Notably, it envisions the setting up of a large entity within WHO to support permanent staff whose purpose is to undertake and enforce the above measures. This sounds very similar to the ‘GERM’ entity proposed recently by Mr Bill Gates, a wealthy US software developer with major pharmaceutical investments, who is the second largest funder of the WHO and one of a number of ‘billionaires’ who have greatly increased personal wealth during the Covid-19 response.
The proposed treaty would prioritize vertical structures and pharmaceutical approaches to pandemics, reflecting approaches by Gavi and CEPI, two organizations set up in the past decade in parallel to the WHO. It would create another bureaucratic structure on pandemics, not answerable directly to any taxpayer base, but imposing further support, reporting and compliance requirements.
Process, acceptance and implementation
These two mechanisms for increasing direct WHO control of pandemics have strong backing from private sector funders of the WHO, and from many national governments, starting with Western governments who adopted Covid draconian measures.

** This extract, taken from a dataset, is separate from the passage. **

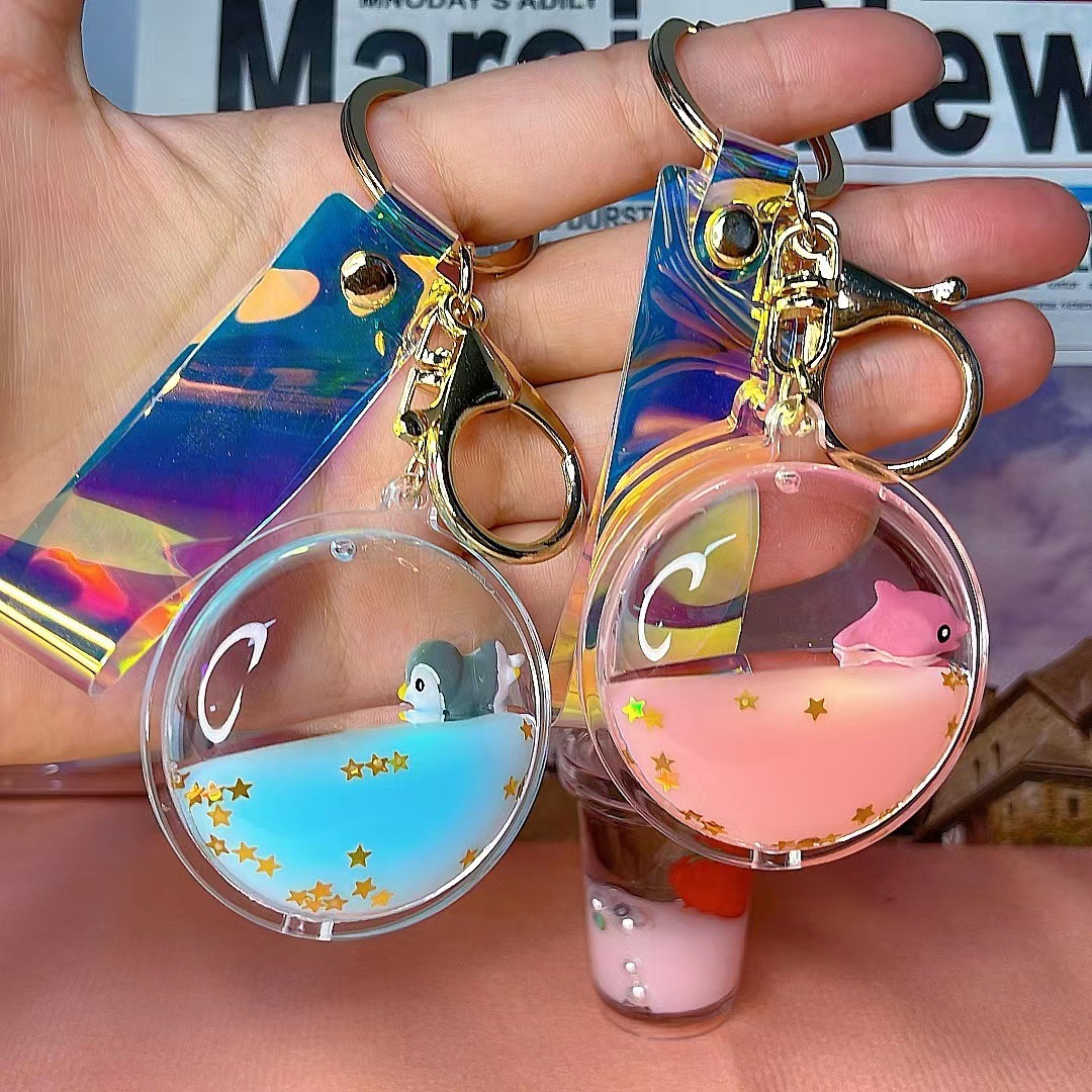 クリエイティブ入油海洋動物ペンギンのキーホルダー卸売りネット赤かばんストラップins風自動車キーホルダー

To come into practice they must be adopted by the WHA and then be agreed, or ratified, by national governments.
The proposed IHR amendments modify an existing mechanism. A simple majority of States present at the WHA voting against them at the May 2022 meeting would also reject them, but this appears unlikely. To prevent their application, sufficient individual countries will need to signal non-acceptance or reservations after the coming WHA and WHO DG’s notice of adoption, so probably before the end of November 2022.
With regard to the proposed treaty, a two-thirds majority at the 2023 WHA will be required for its adoption, after which it will be subject to national ratification by processes which vary according to national norms and constitutions.
Funding for the large increase in bureaucracy proposed to support both mechanisms will be necessary – this may be partially diverted from other disease areas but will almost certainly require new, regular funding. Other mechanisms in parallel are already being discussed, with the World Bank also proposed as the home for a similar bureaucracy to manage pandemic preparedness, and the G20 mulling their own mechanism.
It is unclear whether these would be tied into the WHO’s proposed treaty and IHR mechanisms or be presented as a ‘rival’ approach. The G20 task force of the WB and WHO suggest a $10.5 billion additional annual budget for pandemic preparedness is required. With such potential financing on offer, and the promise of building powerful institutions around this pandemic preparedness agenda, there is going to be much enthusiasm and momentum, not least from institutional staff and the global health community in general, who will sense lucrative employment and grant opportunities.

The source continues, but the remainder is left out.